Now let’s imagine again that you are working on this test and want to “temporarily” disable a part of it. An easiest way to do so is to put an extra return statement in the middle of the function’s body:

void test_something_by_doing_long_flow() {
    ... code here...

    do_stuff();
    do_more_stuff();
    do_step();

    ... code here...

    return;
    assert_equal(got_value, expected_value);
}

Modified this way, the test case exits prematurely, before reaching the final assert statement.

Similarly to the previous scenario, you work on the function for a while, modify additional things in it, and at some point forget about that extra return. Your attention is never brought back to it, because the test suite continues to pass. The next thing that happens is that the “disarmed” test case ends up in the main branch of the repository.

It is even worse than before. If you monitor code coverage of production code, skipping the assert won’t even show up on it. The test still runs, all the code paths in the production code are visited. It is just that no final decision is made by it.

As it was with the first example, such a regressive change may not be obvious even for an attentive human reader. The longer the test functions body is, the easier it is to omit such a mistake and let the return remain.

“Test disarming” can take different forms resulting from e.g. incomplete copy-paste of conditionals. Consider another example:

void test_foobar() {
    ...
    exp_res = calculate_expected(...);
    act_res = get_result_from_production(...);

    // compare expected value against actually calculated
    assert_equal(exp_res, exp_res);
}

Have you noticed that the last line should have read: assert_equal(exp_res, act_res);? Instead, it compares value of exp_res with itself. The assertion will never fail. Because of that, we may perform almost any modification to the rest of the function’s body above it, and it will never be detected by the test.

Such an embarrassing defect could be present in a function from the moment of its creation. If TDD was not followed, then it has not been proven that the newly written test case can actually fail at all. It is created “fangless”. Or it may have been introduced later, when editing the test code and relying on the production code to “test the tests”.
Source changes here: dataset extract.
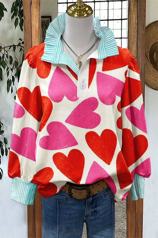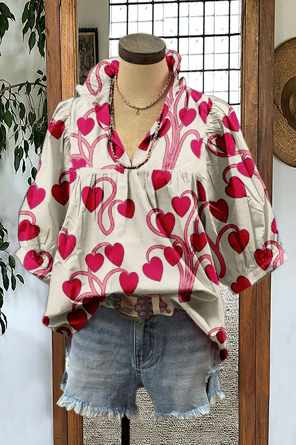 Cute Valentine's Day Print Puff Sleeve Blouse

Test for something that does not happen

I just experienced this recently with a piece of legacy code, which looked like this:

production_function(char buf[], control_state) {

    index = calculate_index(control_state);
    buf[index] = new_value(...);
}

The problem with this function was that a wrong item inside buf[] was updated because calculate_index() was returning a wrong value. I was unwilling to test calculate_index() directly, because it was an implementation detail too removed from the higher-level code I was interested in. I could call production_function() from a test case. I was especially concerned that the function was updating a wrong index in the buf[]. I was not interested in knowing which other indices it may or may not update during its work.

Let’s say, we are hunting after a subtle memory overrun issue, and want to ensure that it is no longer happening. Here is how a test for this requirement looked originally:


test_that_wrong_index_is_not_updated() {

    buf[] = allocate_mock_buf_with_all_zeros();
    control_state = mock_control_state();

    affected_index = <hardcoded value>;

    // supposed to update one of the items in buf[]
    production_function(buf, control_state);

    // assert that memory at affected_index was not changed
    assert_equal(buf[affected_index], 0);
}

Following the TDD, originally this test case failed, then I fixed calculate_index() in the production code, which made the test case pass.

But I was not satisfied with how test_that_wrong_index_is_not_updated() looked. That was because affected_index was a magic hardcoded literal. I wanted to show its connection to control_state so that a future reader would have easier time understanding why the test case is important.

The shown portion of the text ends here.